Si potrebbe raccontare come la storia di una giovane ragazza che si divide tra i lavori più disparati per realizzare il suo sogno; oppure una donna che si costruisce una vita lontana dalle convenzioni dell’America degli anni ’30 o ancora, un cuore impavido che diventa una celebrità internazionale. La vita di Amelia Earhart racchiude tante storie in sé, ma sicuramente parla di uno spirito avventuroso che ha segnato più di una generazione sorvolando il cielo sopra l’Oceano Atlantico – prima donna a farlo, prima da passeggera e poi da pilota, e prima persona ad attraversare in aereo sia l’oceano Atlantico che il Pacifico. Scomparsa misteriosamente durante l’ultimo tratto dell’ambizioso volo attorno alla terra nel 1937, viene dichiarata ufficialmente morta nel 1939, ma nonostante la sua tragica fine, il suo mito rimane immortale come quello di un animo indomito e di un’instancabile esploratrice dei cieli.

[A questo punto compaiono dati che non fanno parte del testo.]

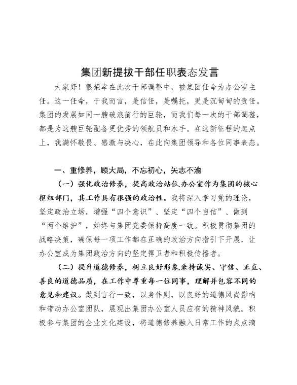 集团新提拔干部任职表态发言 2024-12-27 Word模板 61 购买前,请一定要先点击这里看看,欢迎持续关注,精彩模板每天推送 预览结束,本文件为word文档,一共4页,共1602字,请购买后,下载后查看 购买前,请一定要先点击这里看看,欢迎持续关注,精彩模板每天推送 资源下载下载价格29 RMBVIP免费升级VIP点击检测网盘有效后购买有任何充值和下载问题请加微信:xuexixuexi66 0 演讲发言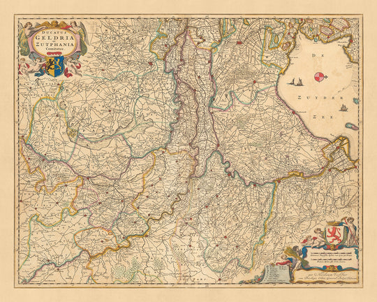 Eindhoven y Nijmegen, otras dos ciudades que aparecen en el mapa, ofrecen más información sobre la historia de la región. Eindhoven, ahora conocida como un centro global de tecnología y diseño, se representa como una pequeña ciudad fortificada, mientras que Nijmegen, una de las ciudades más antiguas de los Países Bajos, se representa con sus emblemáticas murallas y el paisaje rural circundante. Este mapa, centrado en el Ducado de Guelders y Zutphen, ofrece un cautivador viaje histórico a través de estas regiones, lo que lo convierte en una herramienta imprescindible para cualquier coleccionista o entusiasta de la historia.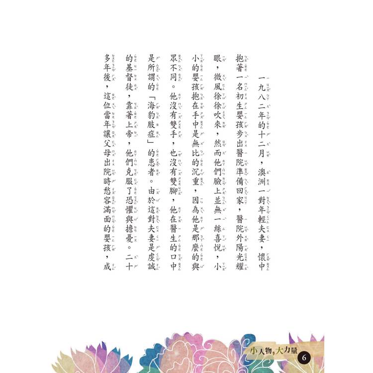 ★ 力克‧胡哲、安妮‧法蘭克、陳玉昆、萬家麗‧瑪泰、錫質平神父,他們雖然只是小人物,卻可以發出大力量,鼓勵人積極向上,永不放棄!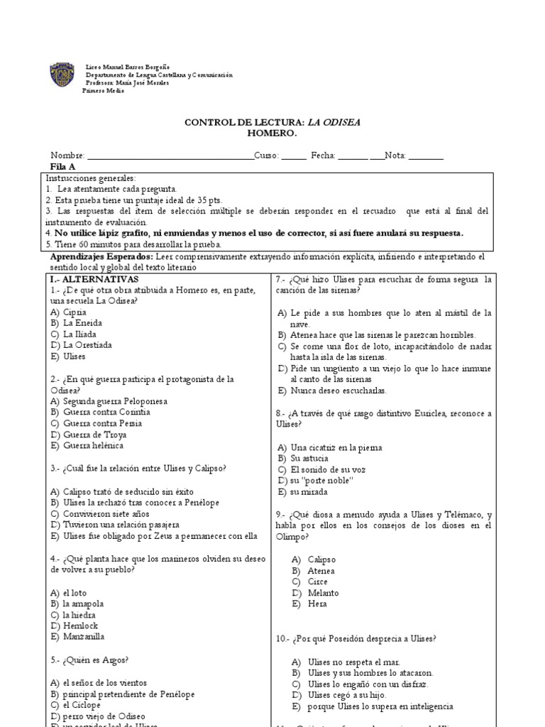 Prueba De La Odisea 2013 1 Medio Fila A Odiseo Odisea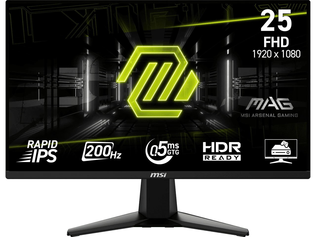 Experience unparalleled gaming visuals with the MAG 255F E20 Gaming Monitor. Featuring a sleek metallic black design, this 24.5-inch screen boasts a rapid IPS panel that delivers stunning 1920 x 1080 Full HD resolution. With a remarkable 200Hz refresh rate, enjoy ultra-smooth gameplay, while Adaptive Sync technology ensures tear-free visuals. The monitor also supports HDR content for enhanced brightness and contrast, and comes with a non-glare coating to minimize distractions. Plus, easily adjust the tilt for optimal viewing comfort.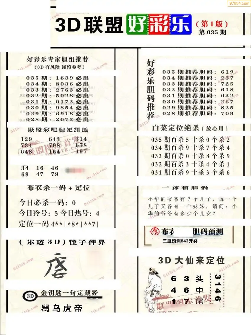 2026035期联盟好彩乐直通车1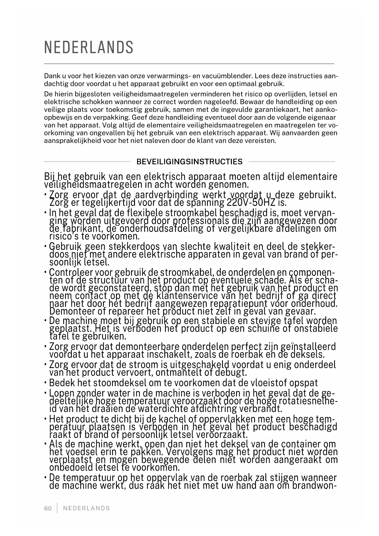 - Het product is alleen voor huishoudelijk gebruik. Bij het mixen van zacht voedsel, laat de blender met tussenpozen van een minuut dra- aien. Werk bij hard voedsel met tussenpozen van 15 seconden. Laat de blender na 3 cycli afkoelen om te voorkomen dat de motor verbrandt.

Amelia Earhart nasce il 24 luglio del 1897 ad Atchison, nel Kansas, dal matrimonio turbolento tra Amelia “Amy” Otis e Edwin Earhart; il padre infatti vorrebbe dare una stabilità economica alla famiglia ma non riesce a tenersi un lavoro e a liberarsi dalla piaga dell’alcolismo. La madre per proteggere Amelia e la sorella Muriel, nei momenti più difficili, le porta a vivere dai nonni. Nonostante gli sforzi per farla crescere come una ragazza per bene dell’upper-middle class, fin da subito Amelia si distingue per la sua indolenza rispetto alle convenzioni e per la passione per i giochi d’avventura e la vita all’aria aperta. A 10 anni i genitori tornano assieme e la famiglia girerà spesso per seguire il padre nei suoi diversi lavori; Amelia cambia quindi frequentemente scuola, facendo fatica a socializzare ma spiccando nelle materie scientifiche e negli sport. Frequenta la Hyde Park High School e, una volta diplomata, ha come unico obiettivo della sua vita quello di diventare autonoma. Qualsiasi cosa, pur di andare avanti con le proprie forze.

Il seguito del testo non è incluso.